Steve Payne, the managing director for housing improvements and preservation in Washington state, said, "We'd hoped ARRA would be a bridge to recovery," but admitted that Washington's economy is still struggling, with an unemployment rate hovering around 9.3 percent. People hired and trained by ARRA, Payne worries, will have trouble finding jobs when the program ends. Still, he says, things could have been far worse if it hadn't been for ARRA and other recovery funds.
"We can feel good in the weatherization program that we did give people jobs, we did support those local businesses, we did make a difference to local households."
But whether those jobs will extend past the ARRA period is in question. While Recovery Act funds have allowed local agencies and businesses to build capacity, train workers and invest in equipment, the for-profit weatherization market that the administration hoped would emerge has yet to materialize -- at least right now. Payne thinks that the struggle to cope with reduced budgets has increased awareness of and interest in energy conservation measures, but that most people just don't have the cash to undertake renovations themselves.
But that doesn't mean that weatherization isn't a good investment; upfront costs are a hard sell even for things that pay for themselves in the long run, and that's particularly true in a recession. In fact, weatherization is exactly the kind of thing we should be funding; it's something that people would like to do but cannot afford during the downturn. Indeed, the Brookings Institution and the U.S. Council on Green Buildings project significant growth in the green construction industry over the next few years, meaning that the prospects for workers who have received weatherization training under ARRA are good in the long run: Funding weatherization at a heightened level now could help ease the transition while the industry continues to get off the ground.

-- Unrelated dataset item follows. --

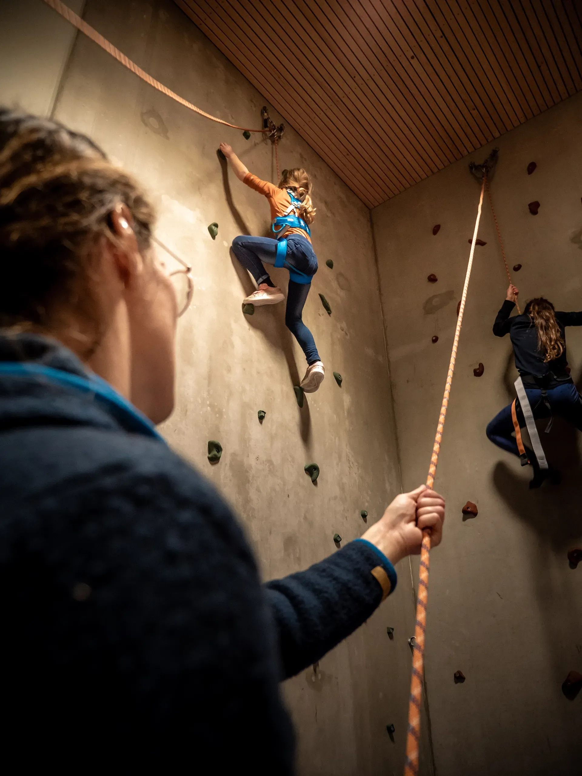 Peter ist nach dem Abendessen immer noch nicht müde und nimmt uns mit an die Kletterwand. Schnell zeigt er uns, wie man die Gurte anlegt. „Ziel ist es die Decke zu berühren“, lacht Peter. „Die Decke?“ Peter scheint das ernst zu meinen. Erst sichert er gewissenhaft meine große Schwester und dann mich.

Instead of increasing funding for the regular weatherization assistance program, however, the Obama administration is said to be seeking to move away from directly subsidizing weatherization toward competitive funding programs like the Social Innovation Fund and Race to the Top grants. Prospects are even worse in Congress: The 2012 budget passed by the House would allocate just $33 million to weatherization, an 80 percent cut from the 2011 budget that would essentially kill the program. The bill going before the Senate would freeze 2012 funding at the 2011 level of $174 million, which would keep the program running but fail to take advantage of the increase in capacity that resulted from ARRA.
Furthermore, funding for CAAs themselves is also in peril: Obama's proposed 2012 budget would cut community services block grants, the main source of support for CAAs, in half. Obama went so far as to mention the cuts in his State of the Union address earlier this year as an example of his willingness to compromise, stating that "I've proposed cuts to things I care deeply about, like community action programs." Cutting funding to CAAs would put a strain on the networks of people, skills and organizations that made the WAP ramp-up a success, and could undermine the capacity to implement such large-scale projects in the future.
This is the reality of policy success in the Great Recession. The scale-up of WAP built the capacity to undertake an enormous number of projects that advance a number of widely agreed-upon goals, but instead of taking advantage of the investments already made, certain elements of Congress -- we all know which ones -- are proposing to jettison the endeavor entirely. This is exactly the kind of program we should be funding while we work toward longer-term job and energy solutions, but instead we seem set on bleeding ourselves to death.